**DATASET RECORDS**

■ ■ ■ ■ ■

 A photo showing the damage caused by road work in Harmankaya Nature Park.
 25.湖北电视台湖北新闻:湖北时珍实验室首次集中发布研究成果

■ ■ ■ ■ ■

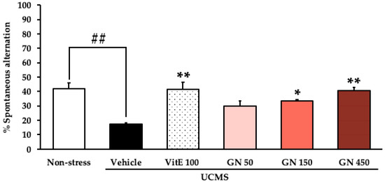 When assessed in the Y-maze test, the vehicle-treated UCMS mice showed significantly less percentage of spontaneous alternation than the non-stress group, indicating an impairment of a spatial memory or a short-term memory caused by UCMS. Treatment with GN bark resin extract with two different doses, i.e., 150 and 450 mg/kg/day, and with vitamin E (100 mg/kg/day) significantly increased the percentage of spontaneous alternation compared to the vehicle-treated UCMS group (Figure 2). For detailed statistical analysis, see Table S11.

■ ■ ■ ■ ■

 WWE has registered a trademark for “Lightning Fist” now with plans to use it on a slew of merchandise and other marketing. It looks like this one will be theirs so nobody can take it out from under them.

■ ■ ■ ■ ■

**WHAT THE EXERCISE ASKS**
In the listing above, transcribe exactly everything from the line containing "A photo showing" down to the line containing "25.湖北电视台湖北新闻:湖北时珍实验室首次集中发布研究成果", including both and nothing more.

**TASK RESULT**
 A photo showing the damage caused by road work in Harmankaya Nature Park.
 25.湖北电视台湖北新闻:湖北时珍实验室首次集中发布研究成果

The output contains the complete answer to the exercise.